Bensons for Beds chief executive Nick Collard told Retail Week that the business has enjoyed its best financial performance since its acquisition by Alteri seven years ago.

The beds specialist saw gross ordered sales increase 4% to £324.8m for the 52 weeks to 27 September 2025, with adjusted EBITDA reaching £4.8m – a £5.7m year-on-year improvement. 

The results mark the 13th consecutive quarterly sales growth, and the retailer said the momentum had carried on to FY26 with its performance in the first four months of the new financial year surpassing the 4% recorded in 2025, and EBITDA also ahead of last year.

The improved performance is significant for the retailer, which has been in a turnaround phase since it was bought out of administration in 2019 by investment group Alteri. 

Speaking to Retail Week about its results, Bensons chief executive Collard said: “I’m really pleased. First and foremost, after some difficult years, this is the best result the business has had since its acquisition by Alteri back in 2019. And it’s not a flash in the pan – it’s the culmination of consistent progress and the work the teams have put in.”

“The first thing I’m particularly proud of is underpinned by a key strategic pillar we call ‘Unlocking the Power of Our People’. We wanted Benson’s to be a colleague-led business, and that’s really coming to the fore.

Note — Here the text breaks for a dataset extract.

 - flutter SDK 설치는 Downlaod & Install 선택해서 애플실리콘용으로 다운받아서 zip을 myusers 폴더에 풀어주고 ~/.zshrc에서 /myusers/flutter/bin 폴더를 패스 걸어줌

In a world where footfall continues to be challenging, our store teams have been driving up conversion and average transaction value – not by charging more, but by doing a genuinely good job of helping customers find the right product.

“The second, and the one I’m probably most proud of, is gaining our ‘Great Place to Work’ accreditation. That’s a real proof point. We’re a retailer, but also a manufacturer and a distributor – getting over that threshold across all those functions was something we were genuinely delighted by.

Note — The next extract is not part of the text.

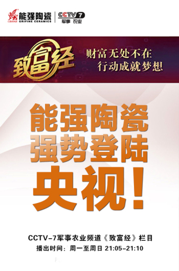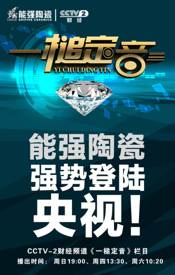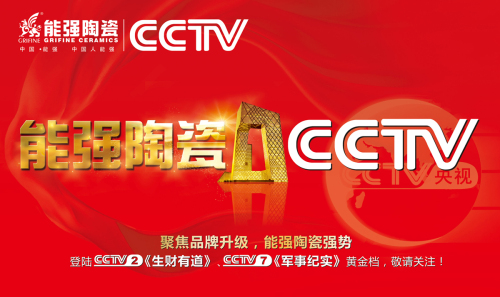 为进一步加大宣传力度、扩大品牌知名度,力争让千家万户用上能强好瓷砖,2017年,能强陶瓷斥资数百万推行品牌战略升级,正式与中央电视台签订品牌合作战略,将于2017年1月9号起强势登陆CCTV2《生财有道》、《一槌定音》,CCTV7《致富经》、《美丽中国乡村行》等黄金节目,敬请关注。

“The third area is customer experience – that was the real challenge facing the business four or five years ago. Now, our store NPS is in the nineties, our delivery NPS – measured at the point of delivery into customers’ homes – has never been higher, sitting in the high eighties. But the one I find most compelling is Trustpilot, where we have a score of 4.7 based on 300,000 reviews, and the trend is improving.”

Bensons added 21 new stores to its estate during the period, including a return to London’s famous home and furniture shopping street Tottenham Court Road. 

“We’re reacquiring national scale,” said Collard.

“We used to have around 230 stores, came down to about 150-160, and our view is there’s absolutely room nationally to get back to 200-plus. We’re at around 179 at the moment, and our ambition is to open at least another 25 stores over the next year to two years.

“Because the business historically didn’t have the capital to reinvest into the estate, we’re now going back to reimagine and refurbish a number of those stores and bring them up to the right standard. We’re already seeing encouraging returns from that, which is making us think about how we take it further.

“Finally, there’s the question of what the next version of a Benson’s store looks like altogether. The store journey remains absolutely fundamental to our proposition. Whilst we want to keep building the digital business, and there’s clearly a place for customers who prefer to transact online, the store is the crux of what we do.”